Ok danke! Hab mich halt gewundert, da auf dem Lüfter schon solche kleinen Gummipads drauf sind

Aber die backplate liegt jetzt einfach auf dem maiboard, Metall auf Metall? Ist das nicht gefährlich?


----------



## Rotkaeppchen (25. Dezember 2015)

*AW: Alpenföhn Brocken Eco Einbau*



Hagelzuckererbse schrieb:


> Metall auf Metall? Ist das nicht gefährlich?


Ich würde Dir raten, mit dem selber Einbau sofort aufzuhören und jemanden dazu zu nehmen, der weiss was er macht.
Mit einer falschen Montage kannst Du Dir alles kaputt machen, das Mainboard, die CPU und sonstige Bauteil.

Nein, natürlich niemals Metall auf Metall, darum hat die Backplate, also die Rückseitige Verstärkungsplatte, vier kleine
Bereiche mit aufgeklebtem Gummi. Genau die müssen auf der RÜCKSEITE vom Mainboard aufliegen. Die Anleitung
ist absolut eindeutig, wenn man sie versteht. Wenn man sie nicht versteht, lohnt es sich, andere zu fragen. 

Metall auf Metall ist natürlich von CPU zum Kühlerboden notwendig.  Da muss die Schutzfolie ab. 

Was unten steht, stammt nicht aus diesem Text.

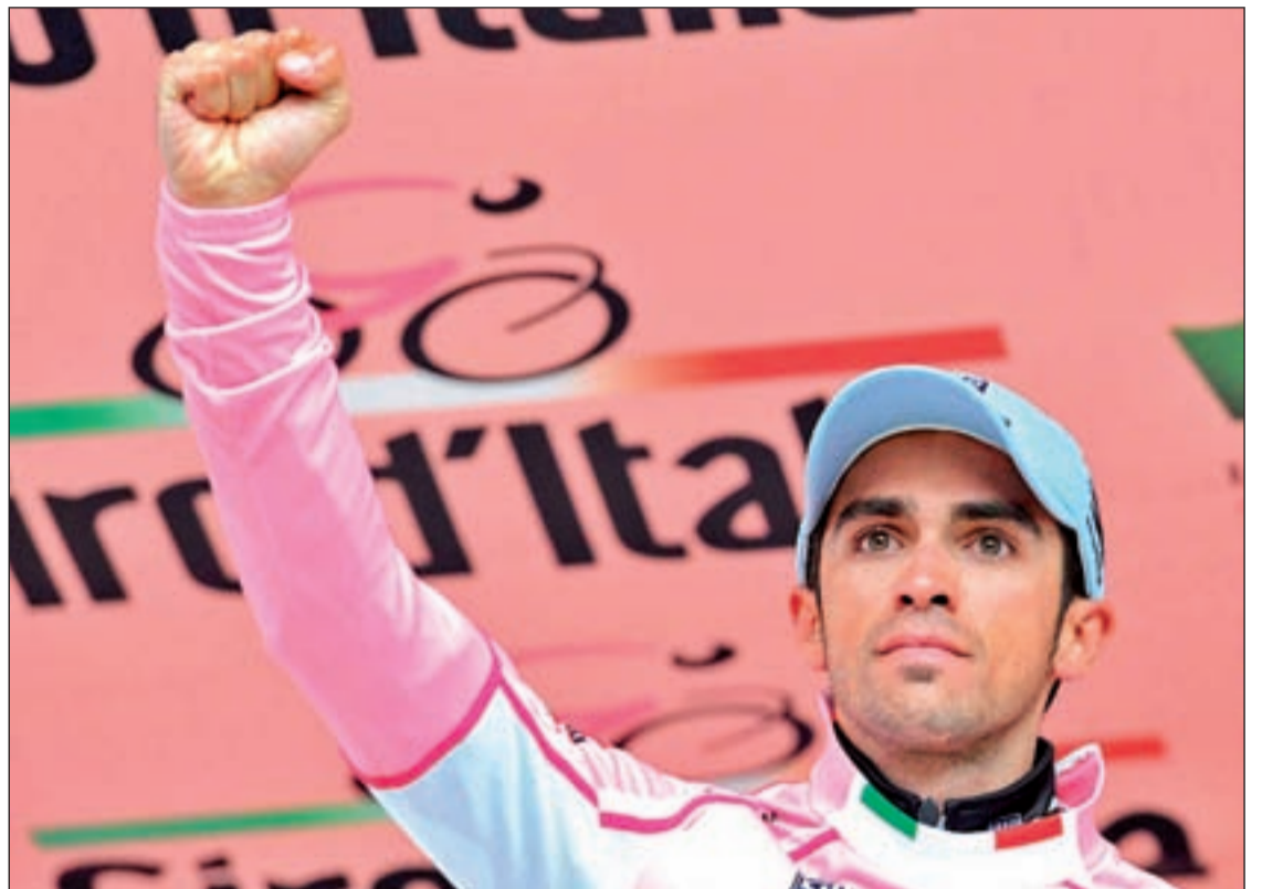
El ciclista madrileño admite que llega algo cansado tras su exitosa participación en el Giro de Italia

'El Terrible' afronta la que puede ser una de sus últimas oportunidades para añadir un Tour a su ya brillante palmarés. Con 33 años, el italiano renunció al Giro para llegar con fuerzas a la ronda gala.

			Dieser Inhalt steht nur eingeloggten Mitgliedern zur Verfügung.
        



Schau es Dir hier genau an: https://www.youtube.com/watch?v=WQZh4AEPXV4


----------



## the.hai (25. Dezember 2015)

*AW: Alpenföhn Brocken Eco Einbau*



Hagelzuckererbse schrieb:


> Aber die backplate liegt jetzt einfach auf dem maiboard, Metall auf Metall? Ist das nicht gefährlich?



es liegt doch aber nirgendwo auf pins oder änhnlichem auf. die backplate des kühlers sitzt auf der backplate der cpu....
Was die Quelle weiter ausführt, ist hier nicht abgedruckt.